┌─ Information shown
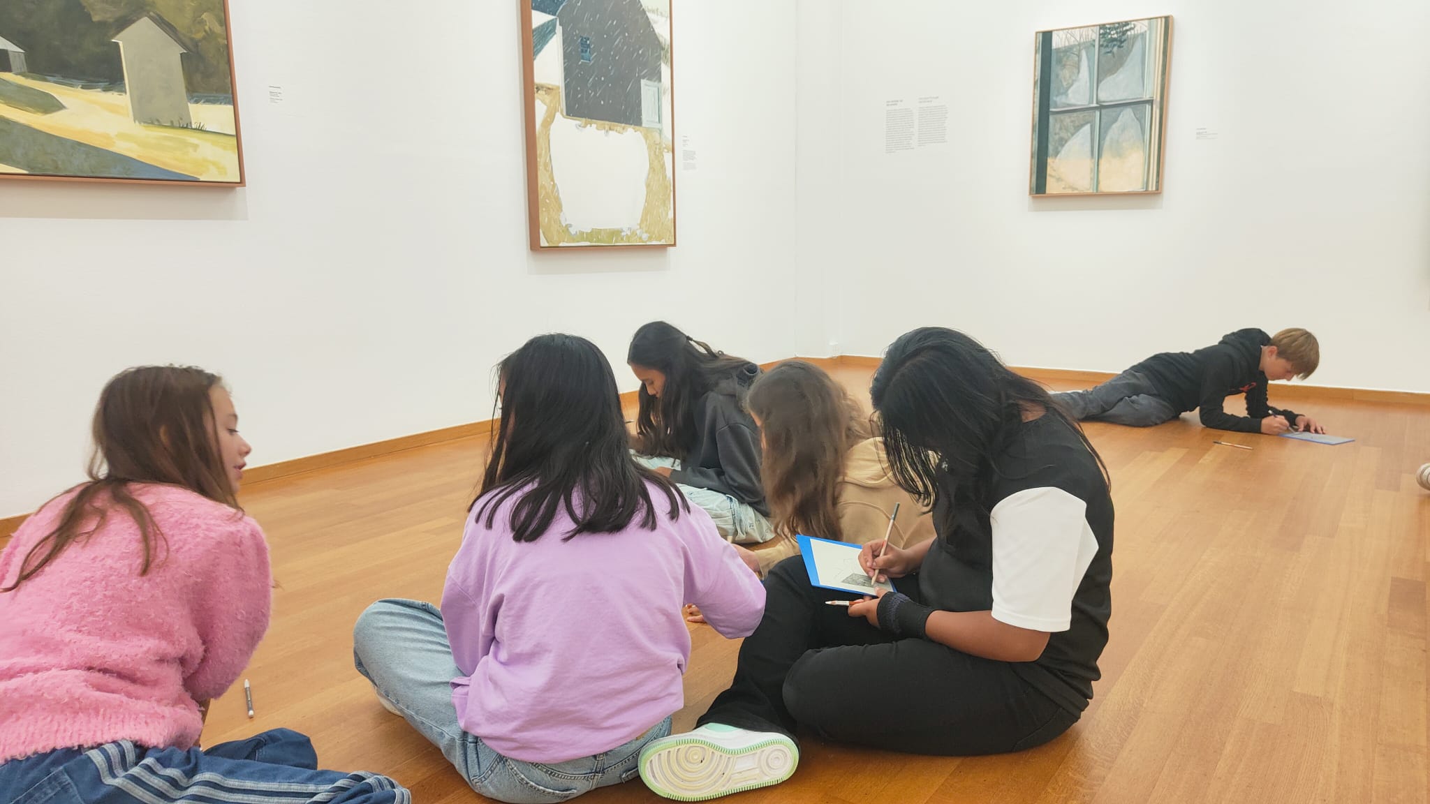 Wij hebben uiterst charmante buren. We gaan dan ook regelmatig bij ze op bezoek. De afgelopen weken was het de beurt aan klas 1 om in kleine groepen rondgeleid te worden door het Kunstmuseum. Het thema was dit keer schilderkunst. Twee vrouwen stonden centraal. De Amerikaanse Lois Dodd en de Haagse Van Heemskerck. Onze leerlingen leerden niet alleen kijken, maar gingen zelf ook aan het werk met het schrijven van een gedicht, geïnspireerd op een vurig werk van Dodd, en het natekenen van een wild doek van Van Heemskerck. Het waren inspirerende bezoeken. Met dank aan onze buren. We komen gauw weer.
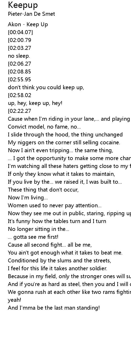 [02:45.02][02:00.79][01:05.72][00:10.33] My niggers, I'm a beast!
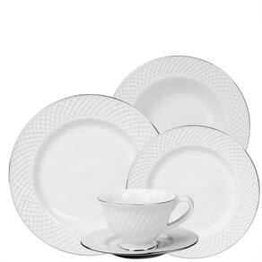Aparelho de Jantar e Chá 30pç Porcelana Joaquina Filete Prata
└─
▶ **Work request**
Repeat the listing in full and exactly. Leave any pictures out.

▶ **Solution to this problem**
 Wij hebben uiterst charmante buren. We gaan dan ook regelmatig bij ze op bezoek. De afgelopen weken was het de beurt aan klas 1 om in kleine groepen rondgeleid te worden door het Kunstmuseum. Het thema was dit keer schilderkunst. Twee vrouwen stonden centraal. De Amerikaanse Lois Dodd en de Haagse Van Heemskerck. Onze leerlingen leerden niet alleen kijken, maar gingen zelf ook aan het werk met het schrijven van een gedicht, geïnspireerd op een vurig werk van Dodd, en het natekenen van een wild doek van Van Heemskerck. Het waren inspirerende bezoeken. Met dank aan onze buren. We komen gauw weer.
 [02:45.02][02:00.79][01:05.72][00:10.33] My niggers, I'm a beast!
Aparelho de Jantar e Chá 30pç Porcelana Joaquina Filete Prata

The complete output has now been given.